Now, I have some suggestions about what use we might make of the Big Hole That Used To Be Fort Sanders. But first, to make it sound more prestigious, I propose that we append a phrase to the front of Knoxville's Big Pit O' Damnation. The phrase is "The James Agee Memorial --" plus whatever we happen to call The Big Gaping Maw That Was Once Fort Sanders And Is Now The Gateway To Hell. I suggest this particular phrase because Agee was such a good sport when his childhood home in Fort Sanders was torn down for an apartment complex back in the sixties. Of course, this may be explained by his being dead when it happened.
My first suggestion for how to use The James Agee Memorial Big Black Hole Sucking The Life Essence Out Of Knoxville is to turn it into a landfill. What could be more natural? After all, we have no use for this unique historical neighborhood, but we always need more dumps. Besides, given the treatment the neighborhood gets every fall from the influx of Vol lemmings and every day from the absentee landlords, you'll have to admit that Fort Sanders already pretty much is a dump. And think how convenient (and symbolic) a landfill at the center of the city would be!
Another possible use for The James Agee Memorial Scarred, Pitted, Ruined Landscape That Prisoners Of War Should Be Shot And Dumped In is to turn it over to its original owners, meaning the Cherokees. They could build a casino on the site and call it The James Agee Memorial Big Teepee By The Tennessee River Casino Resort.
In this venture, I vow that I would do my share.
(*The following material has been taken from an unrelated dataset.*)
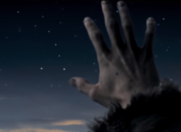 어두컴컴한 밤 동굴에서 하룻밤을 지내는 부족들은 몸에 타투를 남깁니다. 손등에 북두칠성 자리를 새겨 집으로 인도할 방향의 표식을 가르쳐줍니다. 이것이 케다가 나중에 집을 찾아가는 유일한 나침반이죠. 동굴입구에서 하늘을 바라보며 북두칠성을 바라볼 때 어디선가 늑대 울음소리가 들립니다. 늑대의 우두머리를 가리키며 저놈이 알파라고 알려줍니다.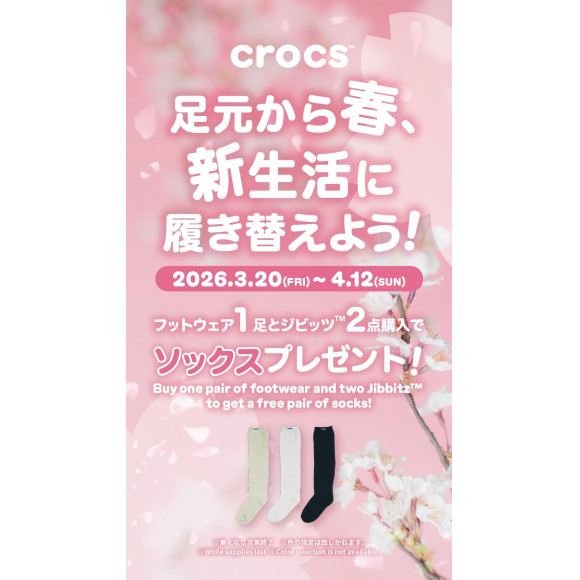 キャンペーン期間中にお好きなシューズとジビッツチャームを2個以上お買い上げでcrocsロゴ入りオリジナルソックスをプレゼントいたします。

Because I am part Cherokee, I personally guarantee that I will assumejoint ownership of the club and reap vast profits while ignoring the plight of the poor Knoxvillians who gamble their life savings away in my casino.
My last idea for the use of The James Agee Profusely Bleeding Hole Shot Straight Through The Heart Of Knoxville is to just leave it as is. I think having an enormous, raw, devastated, muddy space where Fort Sanders once was would precisely symbolize the hole in the soul of our city.
In a ghoulish, slow-down-as-you-pass-a-car-wreck sort of way, it would attract tourists from far and wide who would want to see what could happen in their own cities, given the right amount of mental myopia from their local officials. Of course, to accommodate the constant flow of visitors to The James Agee Memorial Big Ol' Hole In The Center Of The City, we'd have to build a parking lot where Sequoyah Hills is now. Maybe we could put in a cell phone transmission tower while we're at it.